→ **Data extract**
[Start of section]
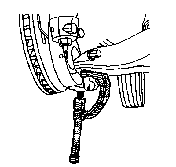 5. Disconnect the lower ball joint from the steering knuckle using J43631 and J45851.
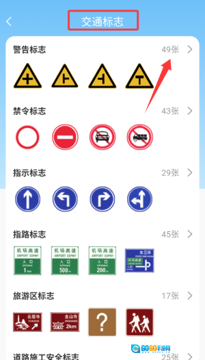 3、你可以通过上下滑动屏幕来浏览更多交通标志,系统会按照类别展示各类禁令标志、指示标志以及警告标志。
[End of section]
[Start of section]
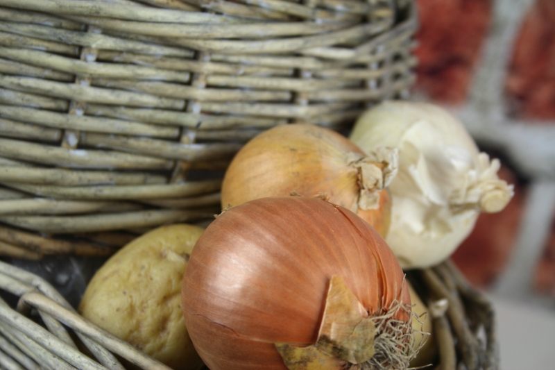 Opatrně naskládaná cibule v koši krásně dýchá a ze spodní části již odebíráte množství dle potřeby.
[End of section]
[Start of section]
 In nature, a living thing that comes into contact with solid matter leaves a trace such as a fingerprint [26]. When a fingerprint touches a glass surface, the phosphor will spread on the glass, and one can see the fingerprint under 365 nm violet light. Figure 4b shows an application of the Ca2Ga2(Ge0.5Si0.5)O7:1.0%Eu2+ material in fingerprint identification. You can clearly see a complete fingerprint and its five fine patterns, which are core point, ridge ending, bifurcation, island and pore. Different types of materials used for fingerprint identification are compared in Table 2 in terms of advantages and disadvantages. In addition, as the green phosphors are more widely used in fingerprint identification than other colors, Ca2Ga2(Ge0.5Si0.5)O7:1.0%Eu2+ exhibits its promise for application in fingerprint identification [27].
[End of section]
→ **Exercise directions**
Above are some entries. Restate word for word the lines from the one holding "5. Disconnect the" through the one holding "3、你可以通过上下滑动屏幕来", but not the pictures.

→ **Task response**
 5. Disconnect the lower ball joint from the steering knuckle using J43631 and J45851.
 3、你可以通过上下滑动屏幕来浏览更多交通标志,系统会按照类别展示各类禁令标志、指示标志以及警告标志。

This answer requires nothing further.